Jameson Magrogan (b.1992) was born in Baltimore, MD. He is a Brooklyn-based artist whose work contains a fractured sense of braided temporality and ungroundedness. Considering the generic or anachronistic, Magrogan processes echoes of disparate recurring modernist conventions through a unifying schematic procedure, as if pushed through the same sieve. Ideas of authenticity and newness are challenged by considering how the personal is found not counter to, but among the social. Painterly languages which have been historically associated with immediate uninhibited subjective expression are glitched, by way of both digital and analog interventions, and interpolated with some other more unstable temporal frequency.

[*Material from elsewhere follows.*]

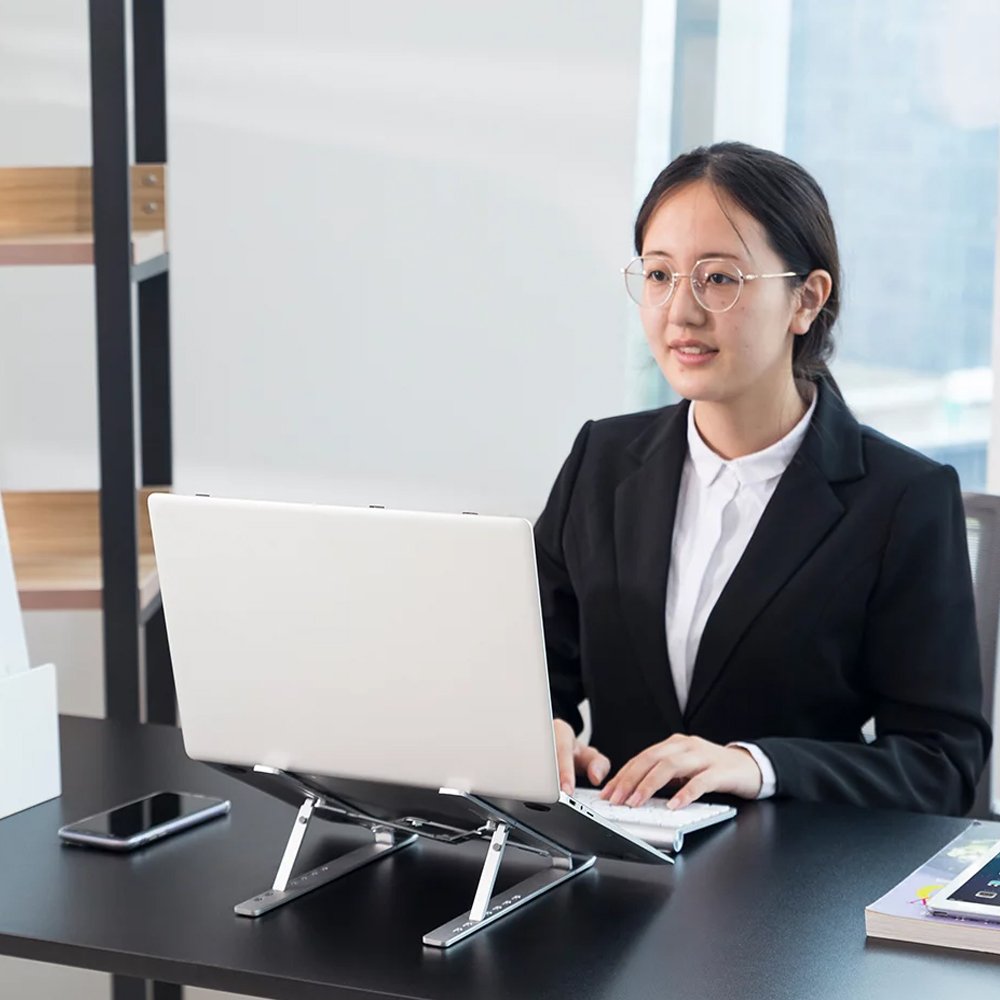 The laptop holder offers 7 levels for height adjustment, elevating your laptop to the perfect viewing height. Helps to protect your eyes and improve the body posture over long hours of working on the notebook. The triangular structure with high-strength aluminum alloy material has strong supportability. This laptop stand can support up to 5kg11lbs weight, fit for almost all laptops from 11” to 15”. It is lightweight and can be easily folded into a 9.4” long strip. It's convenient to carry for business trip or anywhere you go.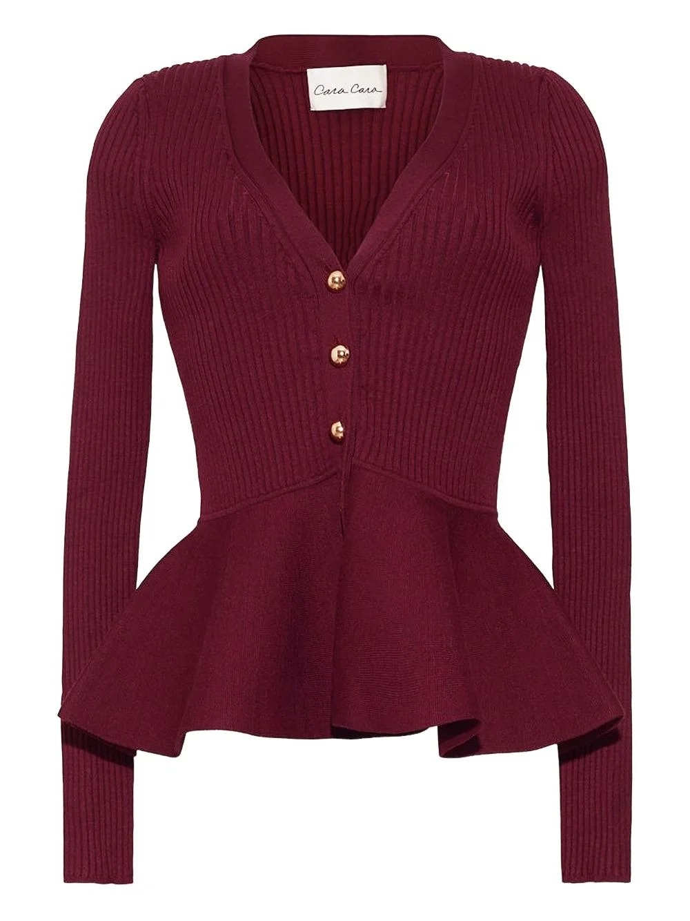 Viva ribbed buttoned top Highlights - Burgundy - Ribbed knit - V-neck - Peplum hem - Long sleeves - Gold-tone buttons Imported Composition Viscose 66%, Polyester 28%, Nylon 5%, Spandex/Elastane 1% Washing instructions Read Manufacturer Guidelines

Rarely are marks made directly, rather they occur along numerous contemporaneous frequencies as a result of sanding, wiping, masking, or other less material mediating processes. These layers of mediation produce marks, which instead of feeling stacked - appear to be inside of, and flickering in between one another, all at once. One’s initial perception of the image and its chronology are undermined by the ambiguous spatial and temporal tension that the object divulges over time: the fast reveals its slowness, and the aleatory proves calculated – never this or that, but both and neither. Magrogan’s work formally approaches painting as a transgressive refrain from binary reductive logic, one which plays a consistent role in the social body’s ability to interrogate our preconditioned understanding of the world. By presenting spatially and temporally ambiguous spaces, Magrogan’s work eludes efficient reducibility and thus, interrupts the systematic reduction of all beings and phenomena to quantifiable data. Magrogan earned his MFA degree from Hunter College, and his BFA degree from Maryland Institute College of Art (MICA).